An Overview of File and Serialization Formats in Hadoop

Apache Hadoop is the de facto standard in Big Data platforms. It’s open source, it’s free, and its ecosystem is gargantuan. When dumping data into Hadoop, the question often arises which container and which serialization format to use. In this post I provide a summary of the various file and serialization formats.

Introduction

Before we start, let’s briefly remind ourselves what we’re talking about. A container is nothing but a data structure, or an object to store data in. When we transfer data over a network the container is converted into a byte stream. This process is referred to as serialization. The reverse, that is converting a byte stream into a container, is called deserialization.

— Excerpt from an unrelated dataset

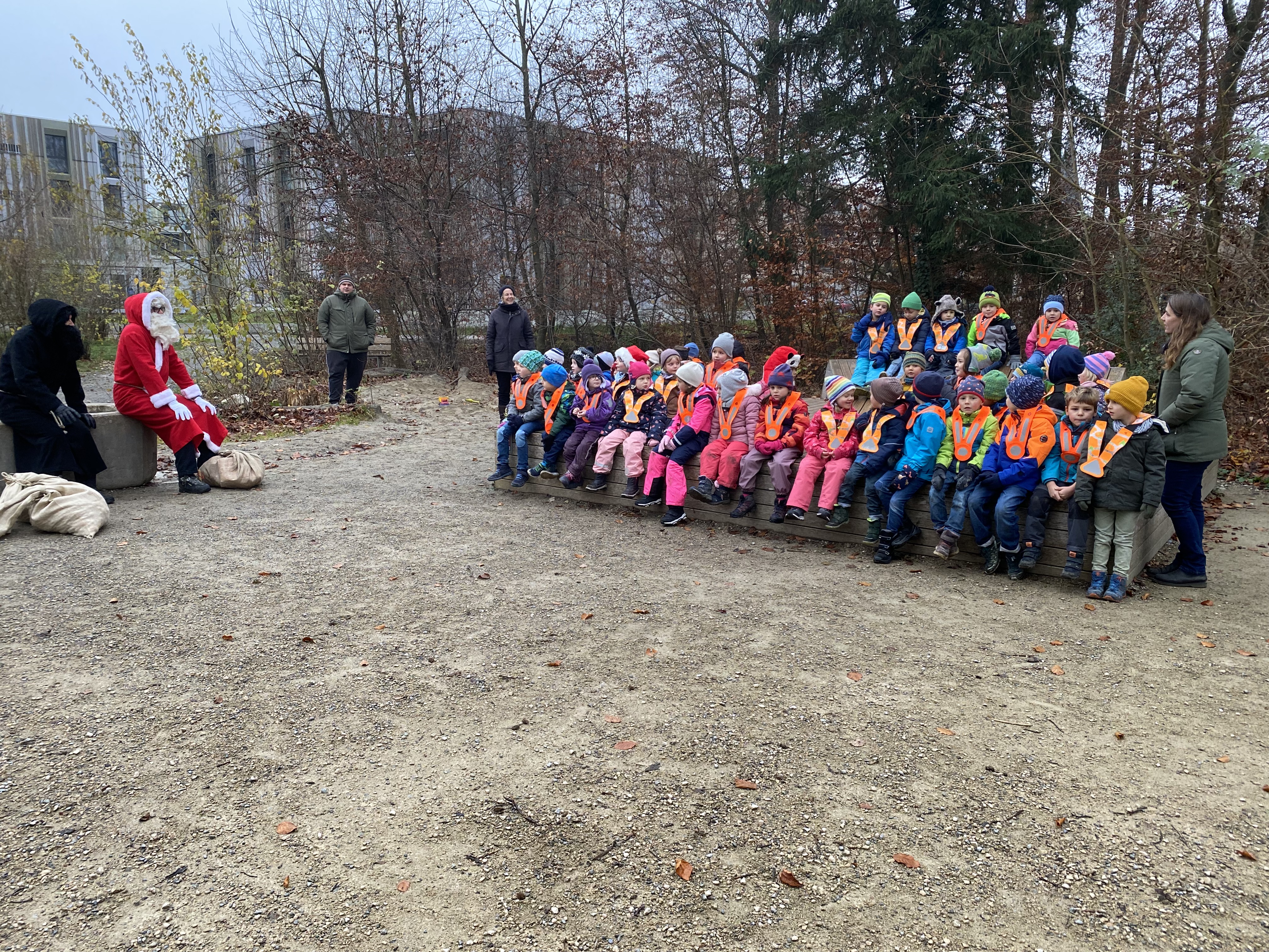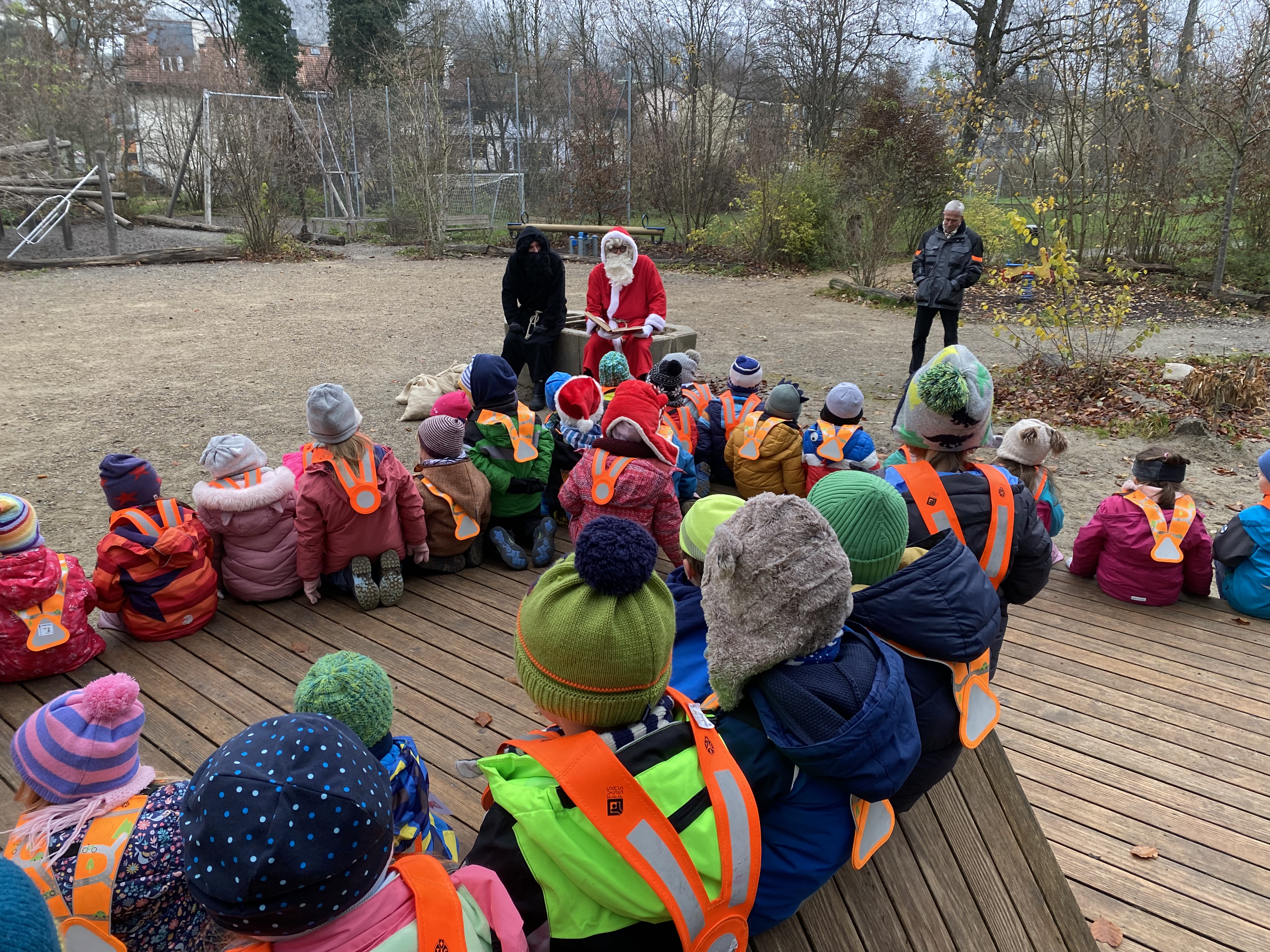 Glücklicherweise haben wir auch dieses Jahr den Samichlaus mit seinem Gehilfen, dem Schmutzli, draussen beim Wäldchenspielplatz angetroffen.

The commonly encountered acronym ‘SerDe’ refers to the serialization/deserialization of data. It tells applications how records are to be processed. In databasespeak, a serializer is typically used when writing data (i.e. INSERT statements), whereas a deserializer is needed when reading (i.e. SELECT statements).

How ‘easy’ it is to convert a byte stream into an object and vice versa is one of the criteria for choosing one SerDe over another.

Row-Based vs Column-Based Storage

Storage systems can be divided into two categories: row-based and column-based, or columnar, storages. The difference is in the way data is stored.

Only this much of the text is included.